# DATA PROVIDED
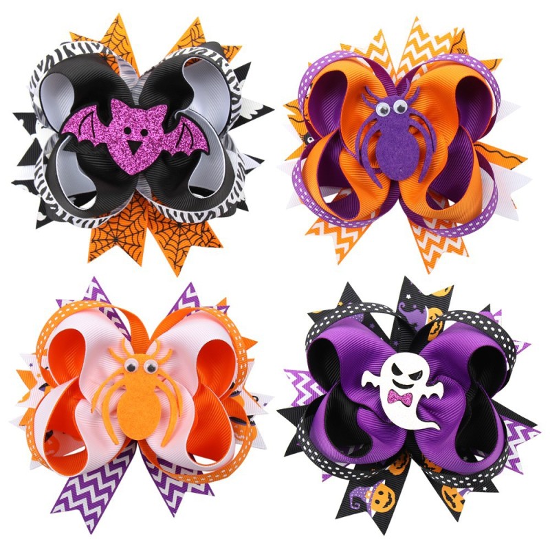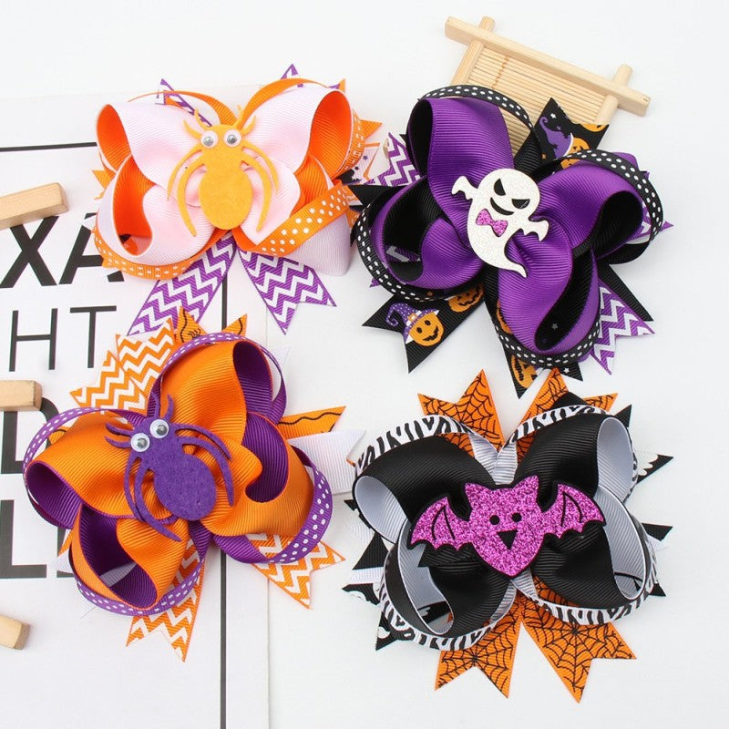 Design: Each hairclip has a cute cartoon motif, including orange spiders, purple bats, purple spiders, and white ghosts, all styled with bow tie patterns for a playful and festive look.
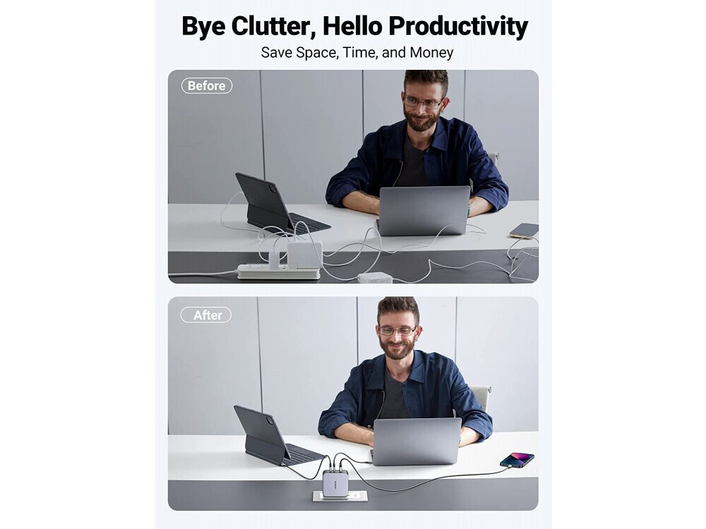 Φόρτιση πολλαπλών θυρών 3 σε 1: Δύο θύρες USB-C και μία θύρα USB-A υποστηρίζουν τη φόρτιση δύο φορητών υπολογιστών και ενός τηλεφώνου ταυτόχρονα με ταχύτητες που είναι απαραίτητες για έναν χρήστη τεχνολογίας πολλών συσκευών. Περιλαμβάνεται καλώδιο ταχείας φόρτισης 5FT 240W Type-C σε C
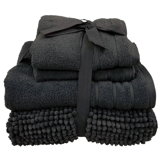 Four Pack Chenille Bath Mat & Towel Bundle Ribbon Tied -Charcoal
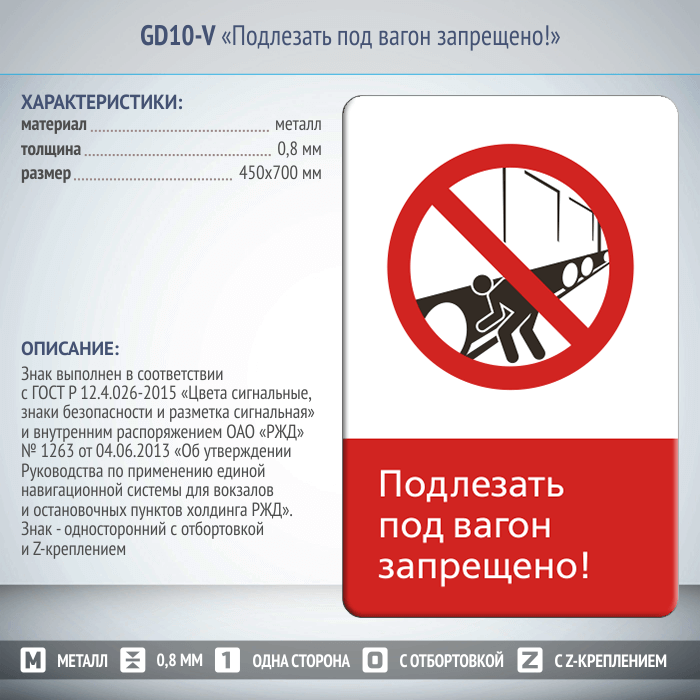 Знак «Подлезать под вагон запрещено!», GD10-V (односторонний вертикальный, 450х700 мм, металл, с отбортовкой и Z-креплением) в Сургуте купить

# WHAT TO DO
Hand back every line of the material, exactly, without the pictures.

# YOUR SOLUTION
 Design: Each hairclip has a cute cartoon motif, including orange spiders, purple bats, purple spiders, and white ghosts, all styled with bow tie patterns for a playful and festive look.
 Φόρτιση πολλαπλών θυρών 3 σε 1: Δύο θύρες USB-C και μία θύρα USB-A υποστηρίζουν τη φόρτιση δύο φορητών υπολογιστών και ενός τηλεφώνου ταυτόχρονα με ταχύτητες που είναι απαραίτητες για έναν χρήστη τεχνολογίας πολλών συσκευών. Περιλαμβάνεται καλώδιο ταχείας φόρτισης 5FT 240W Type-C σε C
 Four Pack Chenille Bath Mat & Towel Bundle Ribbon Tied -Charcoal
 Знак «Подлезать под вагон запрещено!», GD10-V (односторонний вертикальный, 450х700 мм, металл, с отбортовкой и Z-креплением) в Сургуте купить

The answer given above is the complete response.